Ecological restoration actions are increasingly being implemented throughout the world (Jackson, Lopoukhine, & Hillyard, 1995; Jackson & Hobbs, 2009). Ecologists have been exploring the re‐establishment of the biodiversity and ecosystem function in the degraded ecosystem through revegetation (Martin, 2017; Rey Benayas et al., 2009). Three aspects of our study, however, distinguish it from previous studies on the effects of ecological restoration on biodiversity. First, our study was conducted to examine the effects of different restoration methods on biodiversity. Second, we examined the effects of ecological restoration on the diversity of plants, fungi, and bacteria. Third and most important, our study demonstrated that using sowing seeds for ecological restoration could improve the soil conditions but significantly reduced the diversity of fungi and bacteria.

4.1. The effects of sowing on community structures and soil properties

Many studies, including those based on field observations (Alexander et al., 2016; Cao et al., 2017; Sheng, Zhen, Xiao, & Hu, 2019) and meta‐analyses (Rey Benayas et al., 2009), have shown that ecological restoration tends to improve the functioning of ecosystem. In our study, we found community traits and soil properties improved after sowing, such as an increase in community coverage, plant density, soil moisture, and reduction in soil bulk density (Table 1 and Figure 3). Given that plant density increased significantly in the Medicago sativa sowing treatment, as also found in other studies (Sun et al., 2015), one might hypothesize that the increase in plant density was the result of a larger seed bank following sowing. However, the experimental site is located at northern China, where a limited amount of soil nitrogen is available (Gruber & Galloway, 2008; Wang et al., 2014). Legumes can fix nitrogen by means of symbionts (Bordeleau & Prévost, 1994), making the fixed nitrogen available for other plants and organisms growth under N‐limited conditions (Temperton, Mwangi, Scherer‐Lorenzen, Schmid, & Buchmann, 2007). Hence, we believe the ability of Medicago sativa to fix nitrogen caused a significant increase in plant density after sowing, while this did not occur in the Bromus inermis Leyss and Agropyron cristatum sowing treatments.

Soil moisture and bulk density are the basic features of soil and could be influenced by the dynamics of plant density and root biomass (Liu et al., 2018). The findings in our study showed that sowing resulted in reduced bulk density and increased soil moisture, which resulted in an increase in plant density (Figure 5). Where compared with the natural recovery treatment, plant density increased significantly after sowing, which may have led to an increase in root biomass (Chapin, 1980); the increase in root biomass may have caused a decrease in bulk density and an increase in soil moisture (Craig & Fraterrigo, 2017; Guzman & Al‐Kaisi, 2011). Moreover, with the increase in plant density, the decomposition rate of soil carbon may increase significantly due to the enhancement of rhizosphere priming effects (Zhu et al., 2014), and this may then lead to a decline in soil organic carbon after sowing.

4.2. Diversity of fungi and bacteria decreases after sowing

A growing body of evidence suggests that the plant diversity in a sowing or planting area tends to be lower than in an area that recovers naturally from disturbance (Felton et al., 2010). Our findings reinforce this idea. An important characteristic of sowing was that the relative abundance of dominant species was significantly greater than that in the area of natural recovery (Figure 3), a finding that has also been reported in several other studies (Pywell et al., 2003; Rey Benayas et al., 2009). In degraded ecosystems, the sown species had a greater ability to acquire nutrients and light (Wang et al., 2012), and quickly became the dominant species of community (Figure 3d), which left narrower niches available for the colonization of other species. Hence, few species that both happen to be producing propagules and can disperse to the site will colonize, and thus the community will consist of only those few species capable of quickly reaching maturity (Connell, 1978).

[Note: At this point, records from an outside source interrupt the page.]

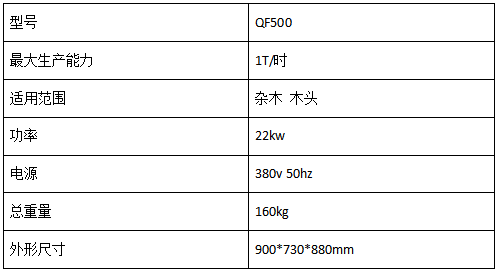 ①. The machine adopts cutterhead hammer structure, which is used to φ≦ 140mm wood, with built-in replaceable screen (hole diameter 8mm-20mm), and is crushed and molded by one slice.
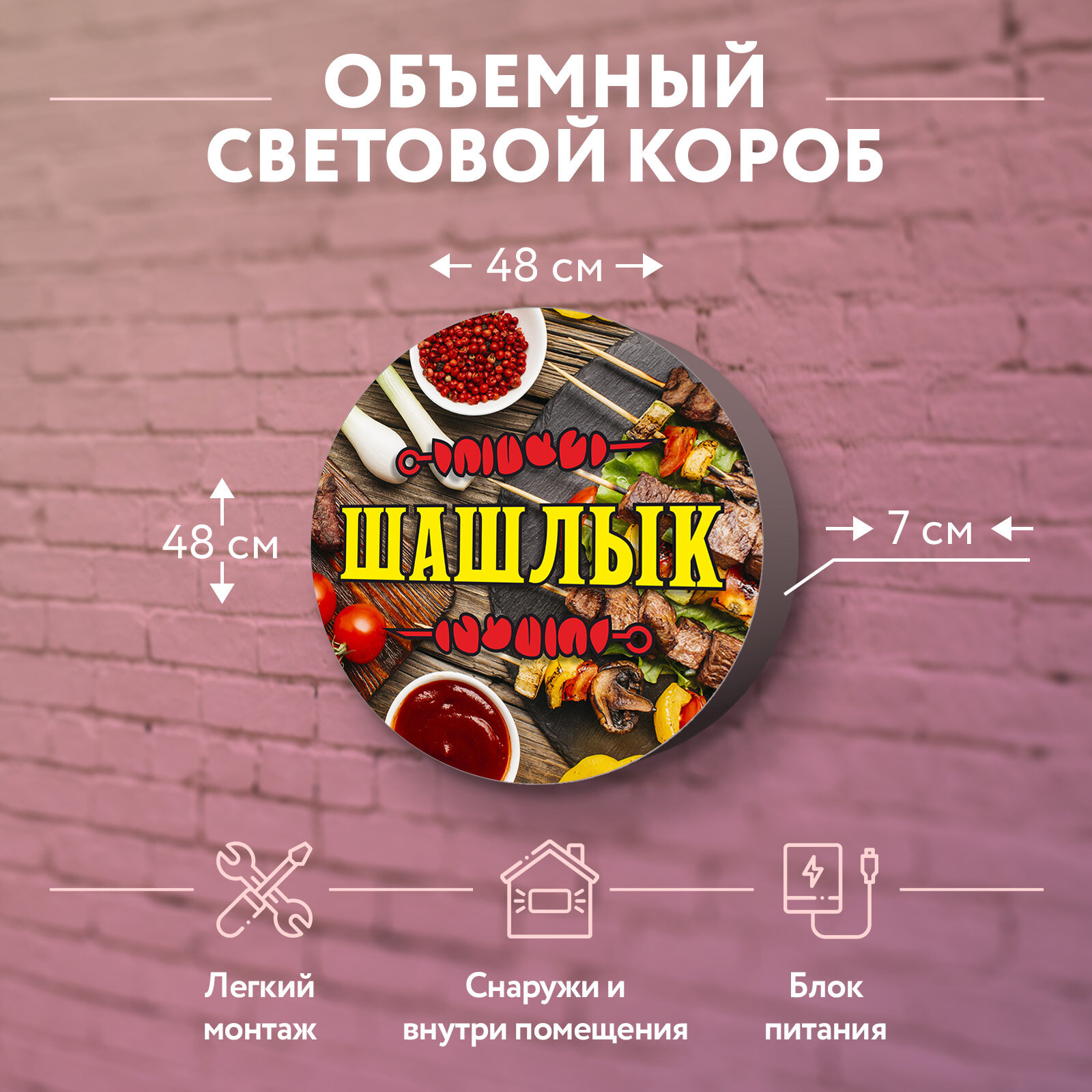 Отзывы на Световая вывеска "Шашлык" Объемный короб с подсветкой Лайтбокс круглый
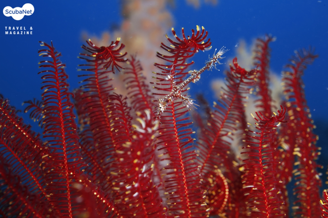 운 좋게 주간에 발견한 바다나리와 공생 새우. 공생새우가 정면 바깥쪽에 나와 있었다. 회초리산호와 바다나리의 어우러짐이 좋다.

Sowing not only had a negative effect on plant diversity (Cao et al., 2017; Rey Benayas et al., 2009), but also decreased the diversity of fungi and bacteria. Our findings revealed that the diversity of fungi and bacteria decreased significantly in the sown treatments for two reasons. First, a close relationship exists between plants and soil microbes, which is based on plant litter and root exudates (Jing et al., 2015; Mcdaniel, Tiemann, & Grandy, 2016). The decrease of plant diversity in the sown treatments was followed by a decline in the diversity of plant litter and root exudates, the reduction in heterogeneity of resources may induce a reduction of microbial diversity (He, Bazzaz, & Schmid, 2002; Prober et al., 2015), and thus led to a positive relationship between plant diversity and the diversity of fungi and bacteria. Secondly, the sown treatments altered the diversity of soil microbes through changing soil properties, such as soil moisture (Fierer & Jackson, 2006). Soil moisture increased with the increase of plant density in the sown treatments, which may have altered the community structure of fungi and bacteria, and then resulted in a significant decrease in the relative abundance and richness of drought‐tolerant species, such as Zygomycota and Firmicutes (Table S5; Wrighton et al., 2008); thus, the sown treatments may cause a negative relationship to develop between soil moisture and the diversity of fungi and bacteria.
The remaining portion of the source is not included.